The Scummy Manifesto
Directed by Julian Rosefeldt
Opens May 10 at Film Forum
Why make a Manifesto? Why write a manifesto, for that matter? As a public declaration of aims, a manifesto can outline an artistic program, clarify the motives behind an artist’s work, or call out other artists, the rotten status quo, and the corrupt establishment. The authors may flout their own rules, produce impenetrable prose, and pick fights for the hell of it, but still, the manifesto provides for its contemporaries the articulation of a particular position. In the future, it may be taken up and incorporated into somebody’s usable past. Julian Rosefeldt’s installation-turned-feature-film Manifesto does none of these things, and doesn’t try. The film instead suggests that the 20th-century manifesto, like every other literary genre, is susceptible to “the quantitative approach.” The manifesto, too, can be digested and made data.
Manifesto began as a 2.5-hour, multi-channel installation, and has been edited by Bobby Good into a 95-minute film, starting 13 different characters cosplayed by Cate Blanchett. In various wigs and accents, on-screen and in voiceover, she recites a macaronic screed comprised of about fifty manifestos, including: the Dogme 95 Manifesto; Guy Debord’s Situationist Manifesto; the manifestos of the Surrealists, the Suprematists, and the Futurists; manifestos written by architects; manifestos written by Sol LeWitt; and other works by other guys (Adrian Piper is one of a handful of female manifesteers whose work is excerpted).
With every character, Blanchett changes locations and locutions, going from a factory to a lab to a television station to a classroom.
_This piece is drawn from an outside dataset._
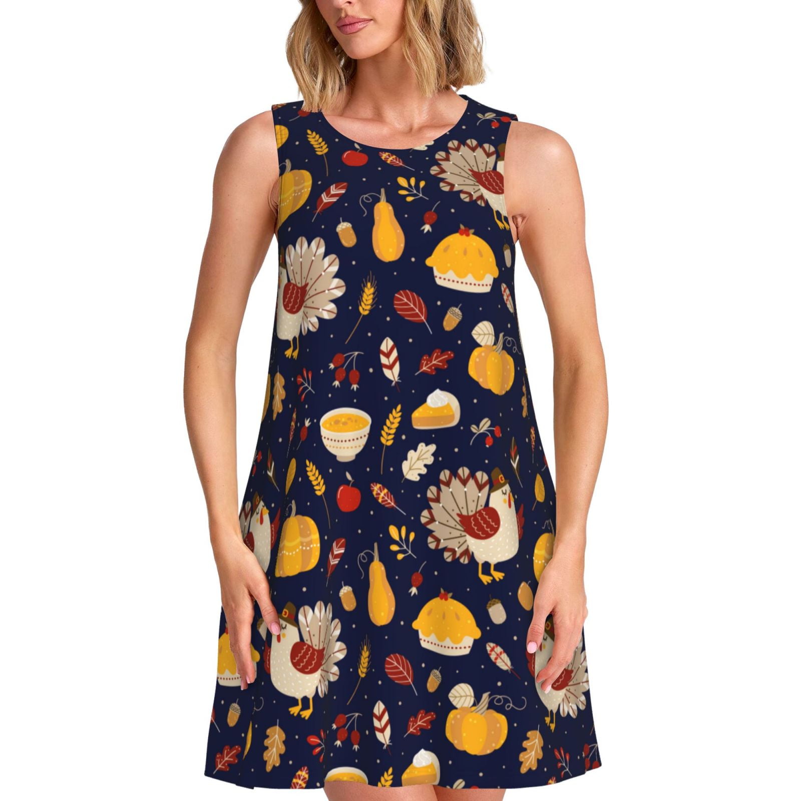 Tebeau Turkey And Autumn Print Women #39 s Sleeveless Dress Loose Fit

Unfortunately, Manifesto’s combinations of setting and texts largely provide neither commentary nor clarity. Tristan Tzara’s Dada Manifesto read aloud by a mourner at a funeral is broadly amusing, and the apparent incongruity suits the Dada aesthetic. But it is neither very clever nor insightful when a wealthy hostess tells her guests that “the rich are bores without exception,” (that’s the Vorticists) after quoting an abstract impressionist (that’s Barnett Newman). The film suggests that there is shared space between the manifesto and the prayer, the oration, the stoned rant, and the schoolroom lesson. It has nothing further to show about these connections. The experience of watching becomes that of playing a children’s memory game; for every line that sounds familiar, you get to pat yourself on the back.
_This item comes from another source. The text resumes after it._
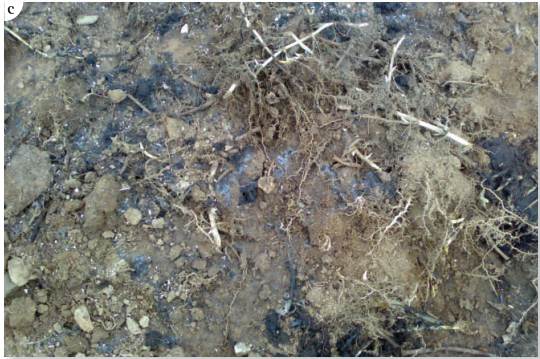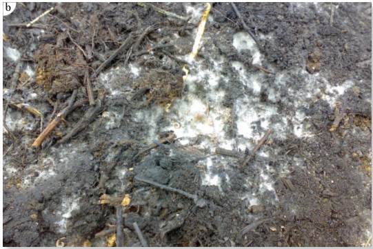 (b) shows the oil spill on day 14 after inoculation with the combined strains of Trametes versicolor and Pleurotus ostreatus. The fungal hyphae are so abundant growing on the oil spill that they are clearly visible as the white on the soil. Already, after just 2 weeks the oil is greatly reduced.

At least Manifesto seems to have been a feat to shoot. Rosefeldt had eleven days with Blanchett in Berlin, and there are a lot of wigs to switch out, not to mention a dance troupe in white Alien-style helmets to choreograph: Blanchett shouts bits of the Fluxus Manifesto at them in her Slavic Choreographer persona. It’s difficult to find anything but effort to recommend the film. Spliced and layered, stripped of their contexts, gathered just because they are available, the manifestos lose whatever meaning they once held. The only property revealed by this arrangement is the shrillness and obtuseness of the texts. Manifestos are written as a response to a perceived crisis, and in a crisis, it’s hard (though crucial) to keep a sense of a humor. But what’s Manifesto’s excuse? It should feel well at ease. The first, and last, Blanchett character we see is a homeless man shouting through a bullhorn from an abandoned building, and ruin porn has long been an accepted symbol of some kind of “critique.” There’s data on that.